(Stored items from a collection)
******

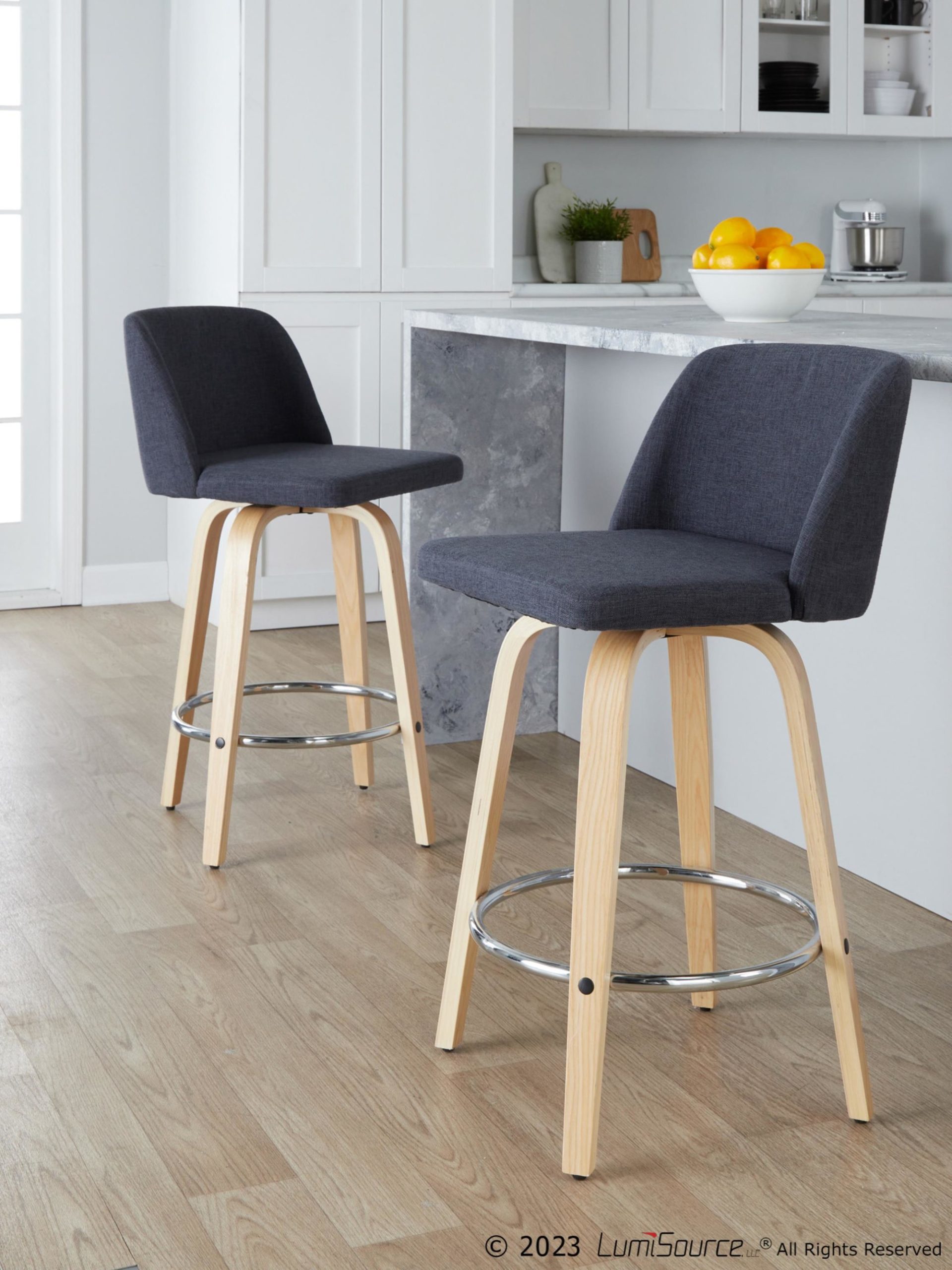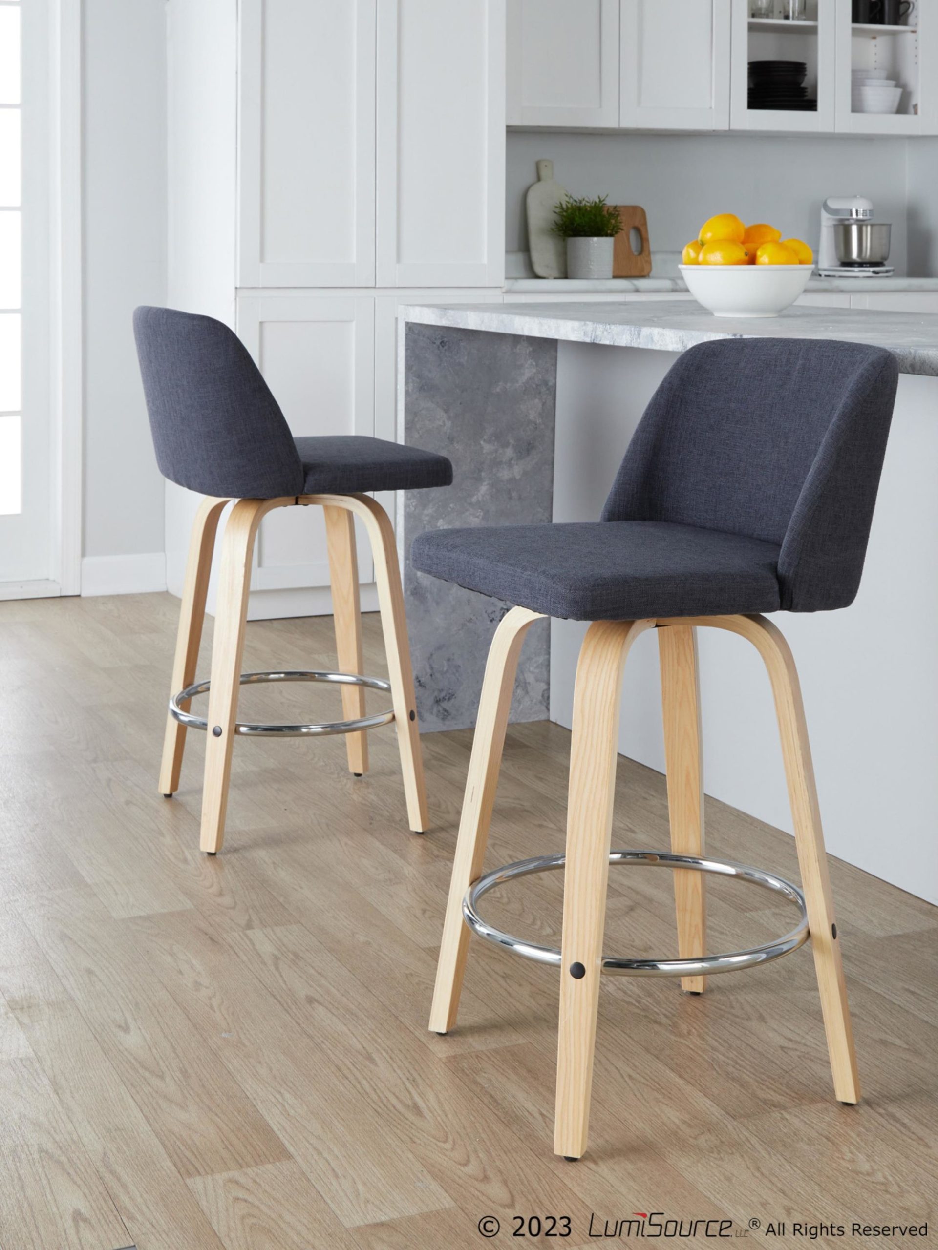 Be the first to review “Toriano 26-Inch Contemporary Swivel Counter Stool in Natural Wood and Blue Fabric (Set of 2) (Set of 2)”
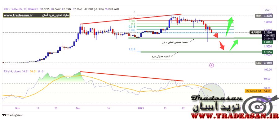 در تصویر شماره سه ( تصویر بالا ) چارت ریپل را در تایم فریم روزانه مشاهده می فرمایید . همانطور که به خوبی مشخص است شاهد واگرایی منفی در اندیکاتور RSI هستیم که موجب ریزش قیمتی شده است . آر اس آی هنوز در بالای ناحیه اشباع 30 قرار دارد و به سمت این ناحیه در حرکت است و با ورود به ناحیه اشباع ، روند ریزش میتواند سریعتر حرکت نماید . در الگوی قیمت نیز ، با دو ناحیه حمایتی روبرو هستیم . ناحیه حمایتی اول که محدوده 100 فیبو ناچی و خط حمایتی در محدوده قیمتی 2.0101 دلار است و باید منتظر واکنش کندلها پس از برخورد به این ناحیه باشیم که در صورت شکسته شدن این ناحیه ، نقطه حمایتی بعدی فیبوی 161.8 درصد فیبوناچی می باشد که در قیمت 1.1556 دلار می باشد که از نقطه فعلی حدود 50 درصد پایینتر است و موجب ریزش عمیق قیمت می گردد و ریپل را با خطر سقوط به زیر 1 دلار مواجه می کند . برای بررسی بهتر روند ، میبایست ادامه تحلیل را بر روی تصویر نهایی انجام دهم .
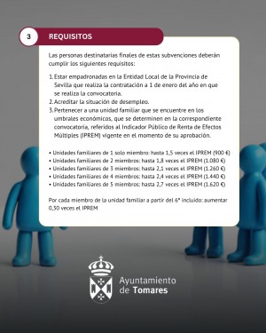 Los requisitos para poder participar en este programa son: estar empadronado en Tomares, acreditar la situación de desempleo, y pertenecer a una unidad familiar que se encuentre en los umbrales económicos, referidos al Indicador Público de Renta de Efectos Múltiples (IPREM). La selección de los participantes y contrataciones se realizarán teniendo en cuenta los siguientes criterios de prioridad:
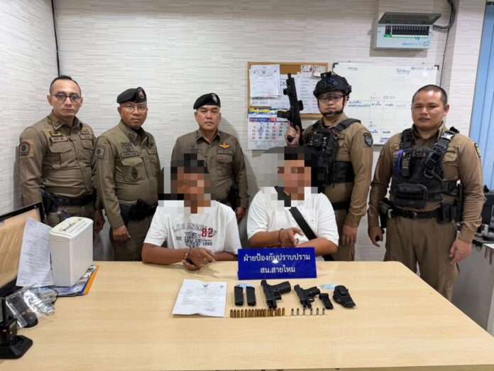 เมื่อเวลา 15.00 น. ( 11 ธ.ค.) พ.ต.อ.ณธัชพงศ์ กิรัมย์ ผกก.สน.สายไหม พร้อมด้วย พ.ต.ท.สัญชัย คีรีรัตน์ รอง ผกก.ป.สน.สายไหม และ พ.ต.ท.ไพศร อู่ข้าวอู่น้ำ สวป.สน.สายไหม สั่งการให้ ร.ต.อ.พงศ์พัฒน์ ภิรมย์ รอง สวป.สน.สายไหม พร้อมด้วยชุด MPB SWAT สายไหม ทำการจับกุมตัวนายชยพัทธ์ อายุ 42 ปี และนายอัษฎายุธ บุญปาน อายุ 43 ปี พร้อมของกลางอาวุธปืน ขนาด 9 มม. จำนวน 1 กระบอก เครื่องกระสุน ขนาด 9 มม. จำนวน 6 นัด อาวุธปืนพกสั้นกึ่งอัตโนมัติ ขนาด .45 ACP จำนวน 1 กระบอก เครื่องกระสุน ขนาด .45 ACP จำนวน 16 นัด โดยจับกุมได้บริเวณ ปากซอยสุขาภิบาล 5 ซอย 17 ใกล้ห้าแยกวัชรพล แขวงท่าแร้ง เขตบางเขน กทม.
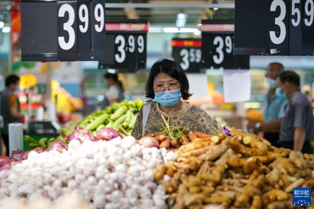 市民在江苏省无锡市经开区华润万家超市购物(2022年7月7日摄)。江苏省无锡市在做好疫情防控的同时,积极制定相关方案,制作城市保供地图,组织大型商超、市场正常运营,全力保供稳价,端稳市民“菜篮子”。新华社记者李博摄
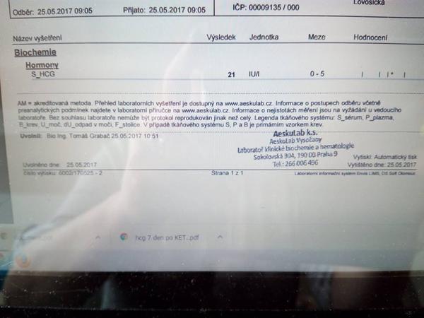 Ahoj, tak jsem včera byla na KET. Modlíme se už. Měla jsem pětidenní embrya,prý se jedno už snažilo z obalu, dala jsem si ještě asistovaný hatching. Tak jim bylo trochu asistovano 🙂. Říkám si, do třetice všeho dobrého.
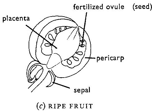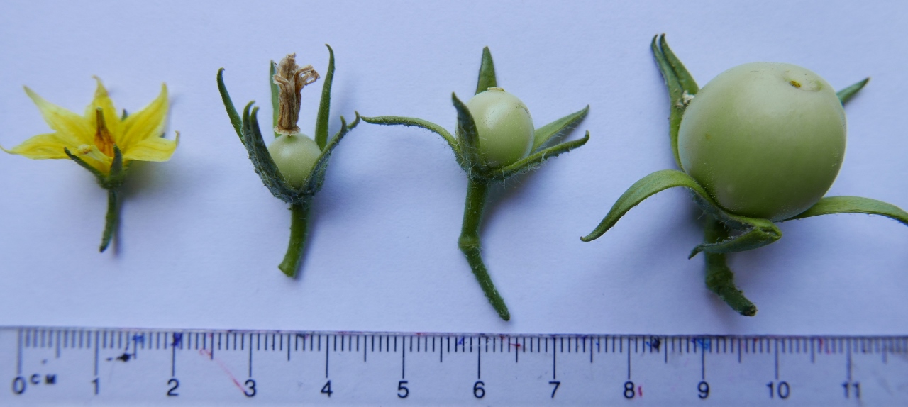 The volume of an ovary is about 0.5 mm3, the volume of a ripe fruit is about 130 000 mm3,
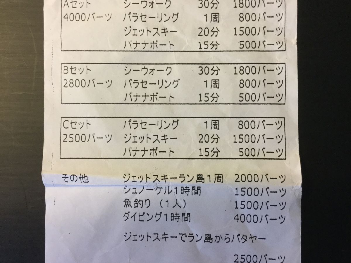 まずは車が汚かったことと、匂いが臭かったことです。古い車は仕方ないですが、車の中のゴミが袋ごと客が座る部分に置いてあったり、飲み残しの缶コーヒー等客が座る部分にそのままにしてあったり等かなり気になりました。ガイドさんがとても気さくで言葉も上手だったのですが、日本人の感覚だと雑というか、あまり気にされない方で、車中爆睡していたり、急に匂いのする食べ物を食べたり、かなり自由な感じでした。最低限の案内などは一生懸命してくれていたのですが、海だったこともあるのかかなり放置されて感じです。ご本人は明るくとても良い方だったので、日本人の感覚だと思いますが。食事は…私達は食べられませんでした。お店はかなり地元感が強く、たくさんの量を出して頂きましたが、海鮮系は生臭く、チャーハン?や焼きそば?的な比較的食べやすいものだけ少量頂きました。ただ、店員さんが野良猫を抱いて店内に入ってきて厨房らしき場所の流しの中で猫を洗いはじめた為、それ以上食べることができませんでした。お腹を壊すことはなかったので、私の気にしすぎかもしれませんが、お子さんがいたり、体調を気にされる方はおすすめできません。またパタヤからラン島へ移動する船ですが、かなり運転が荒いです。私はアトラクション感覚で楽しみましたが、一緒にいった友人は恐怖で終始無言でした。帰りは比較的穏やかだったので、こればかりは運だと思いますが。ラン島はそこそこ綺麗な海ではありますが、全体的にリゾート感覚で行くとがっかりされるかもしれません。トイレやシャワーは現地使用なので、かなり覚悟が必要です。私はシャワー使用しないつもりで行ったので良かったです。海自体は日本と違いさほどベタベタしないのであまり気にならない方はそのまま帰ってホテルでゆっくりシャワー浴びた方が気持ち的に良いかもしれないです。コインロッカーも鍵はついていますが、安心ではないので貴重品はホテルに預けてお金は最低限にした方が安心だと思います。また雨季だった為、午後スコールが来たら早く帰ります、と言われました。他に行く所もないのでそれ自体は正しい判断だと思いますが、一回目のスコールのあとかなり晴れたのにも関わらずガイドさんにもっと早く帰れるよ、と何回か言われました。私達は早く帰りたかったので助かりましたが、海を満喫されたい方はちょっとガッカリかも。帰りは何故かホテルまで送って貰えず、二駅位離れた別のホテルで下ろされました。トゥクトゥクに乗るにはちょうど良かったので、旅の醍醐味として楽しみましたが、料金を考えるとかなりがっかりだったかな、と。バンコク市内からかなりの距離を移動するので、妥当といえば妥当かもしれませんが、ある程度の覚悟が必要です。ツアー自体が駄目というよりはかなり現地よりのツアー、と考えておいた方が良いと思います!因みに私はやっていませんが、アクティビティーはそれなりの金額が必要なので、検討している方は多めに現金を持っていった方が良いです。因みに日本円だったとしてもガイドさんがタイバーツに立て替えてくれるようです。
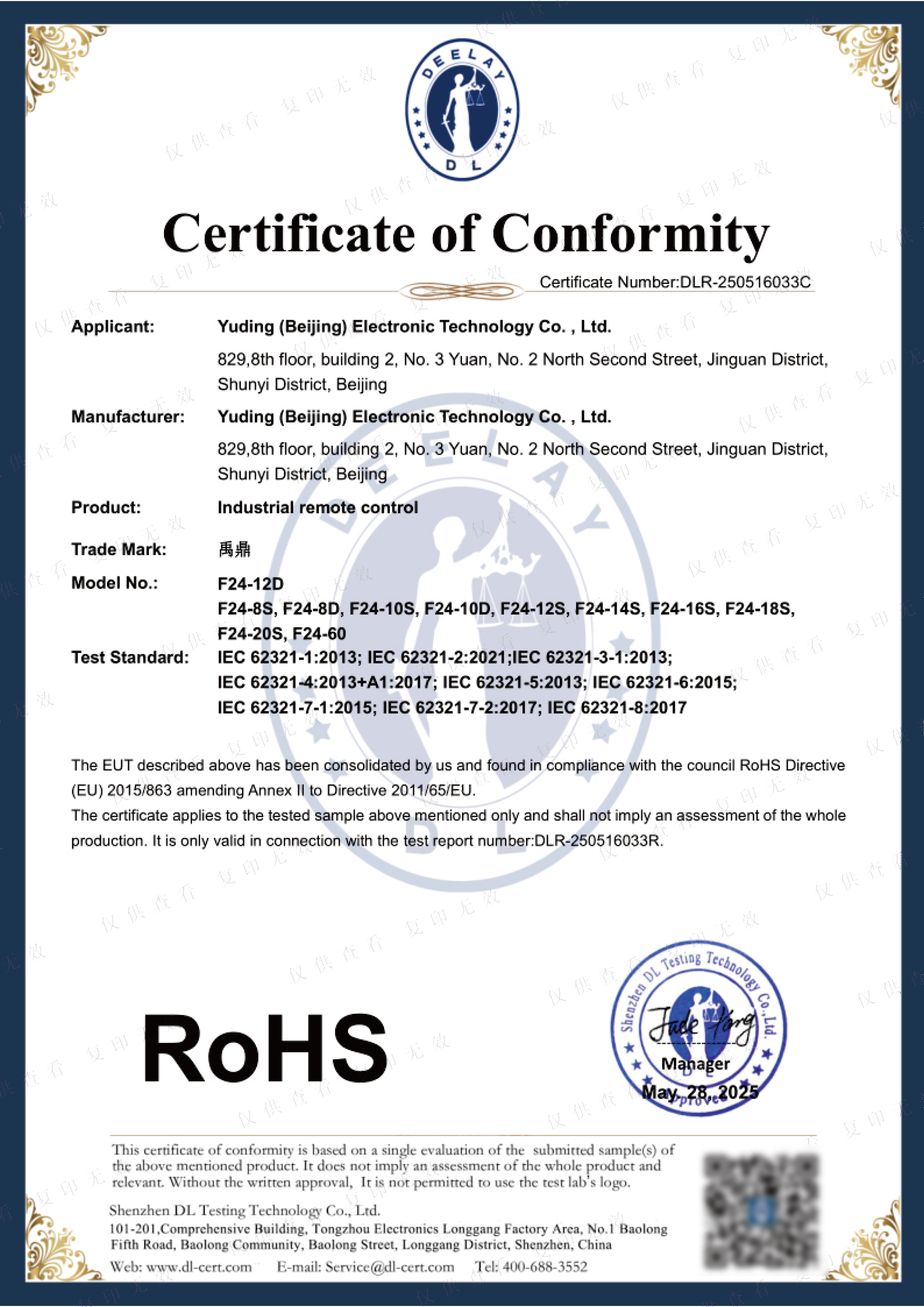 F24系列RoHS認(rèn)證
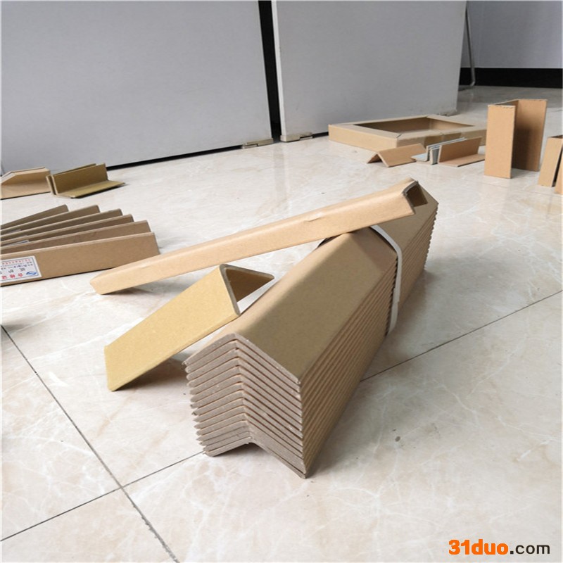 2、把货物固定在托盘上,可起到保护产品及其边缘的作用。 3、在搬运过程中可以保护和支撑产品。 4、可根据客户的不同规格及要求量身定做。它可以在货物的运输途中起到加固托盘的作用,从而避免货物在搬运、装箱、运输过程中对边缘的角落的损伤。它的材质是把硬纸板层压胶粘合而成,所以可以回收和再循环。并且在出口集装箱中可以免熏蒸,节省成本,得到广泛运用。 5、为托盘运输提供牢固的包装:纸护角能对装在托盘上的任何货物进行边角保护,它与打包带(或捆箱膜)一起使用,使原本松散零碎的纸盒,板材,金属管,电子元件等物品成为牢固的整体,防止货物倾斜、倒塌。纸护角的解除包装非常方便,只要剪断打包带或捆箱膜**行了。 6、预防外部损害:若使用纸护角仅是为了保护表面,而不需要加固时,厚度有3mm即可,其尺寸可按护角的尺寸来确定,为降低成本,还可以用一些小的护角保护因打包带过紧的边角损坏。 7、增加纸箱的叠放压力:将纸护角放在纸箱的四角,能增强纸箱的叠放强度,在受到外界冲击时起到缓冲作用,还可以将纸箱叠在一起而不会挤压里面的物品。

******

TASK PROMPT
Reproduce the data above exactly, but only from the line containing "در تصویر شماره" through the line containing "市民在江苏省无锡市经开区华润"; skip the pictures.

ANSWER FOR THE TASK
 در تصویر شماره سه ( تصویر بالا ) چارت ریپل را در تایم فریم روزانه مشاهده می فرمایید . همانطور که به خوبی مشخص است شاهد واگرایی منفی در اندیکاتور RSI هستیم که موجب ریزش قیمتی شده است . آر اس آی هنوز در بالای ناحیه اشباع 30 قرار دارد و به سمت این ناحیه در حرکت است و با ورود به ناحیه اشباع ، روند ریزش میتواند سریعتر حرکت نماید . در الگوی قیمت نیز ، با دو ناحیه حمایتی روبرو هستیم . ناحیه حمایتی اول که محدوده 100 فیبو ناچی و خط حمایتی در محدوده قیمتی 2.0101 دلار است و باید منتظر واکنش کندلها پس از برخورد به این ناحیه باشیم که در صورت شکسته شدن این ناحیه ، نقطه حمایتی بعدی فیبوی 161.8 درصد فیبوناچی می باشد که در قیمت 1.1556 دلار می باشد که از نقطه فعلی حدود 50 درصد پایینتر است و موجب ریزش عمیق قیمت می گردد و ریپل را با خطر سقوط به زیر 1 دلار مواجه می کند . برای بررسی بهتر روند ، میبایست ادامه تحلیل را بر روی تصویر نهایی انجام دهم .
 Los requisitos para poder participar en este programa son: estar empadronado en Tomares, acreditar la situación de desempleo, y pertenecer a una unidad familiar que se encuentre en los umbrales económicos, referidos al Indicador Público de Renta de Efectos Múltiples (IPREM). La selección de los participantes y contrataciones se realizarán teniendo en cuenta los siguientes criterios de prioridad:
 เมื่อเวลา 15.00 น. ( 11 ธ.ค.) พ.ต.อ.ณธัชพงศ์ กิรัมย์ ผกก.สน.สายไหม พร้อมด้วย พ.ต.ท.สัญชัย คีรีรัตน์ รอง ผกก.ป.สน.สายไหม และ พ.ต.ท.ไพศร อู่ข้าวอู่น้ำ สวป.สน.สายไหม สั่งการให้ ร.ต.อ.พงศ์พัฒน์ ภิรมย์ รอง สวป.สน.สายไหม พร้อมด้วยชุด MPB SWAT สายไหม ทำการจับกุมตัวนายชยพัทธ์ อายุ 42 ปี และนายอัษฎายุธ บุญปาน อายุ 43 ปี พร้อมของกลางอาวุธปืน ขนาด 9 มม. จำนวน 1 กระบอก เครื่องกระสุน ขนาด 9 มม. จำนวน 6 นัด อาวุธปืนพกสั้นกึ่งอัตโนมัติ ขนาด .45 ACP จำนวน 1 กระบอก เครื่องกระสุน ขนาด .45 ACP จำนวน 16 นัด โดยจับกุมได้บริเวณ ปากซอยสุขาภิบาล 5 ซอย 17 ใกล้ห้าแยกวัชรพล แขวงท่าแร้ง เขตบางเขน กทม.
 市民在江苏省无锡市经开区华润万家超市购物(2022年7月7日摄)。江苏省无锡市在做好疫情防控的同时,积极制定相关方案,制作城市保供地图,组织大型商超、市场正常运营,全力保供稳价,端稳市民“菜篮子”。新华社记者李博摄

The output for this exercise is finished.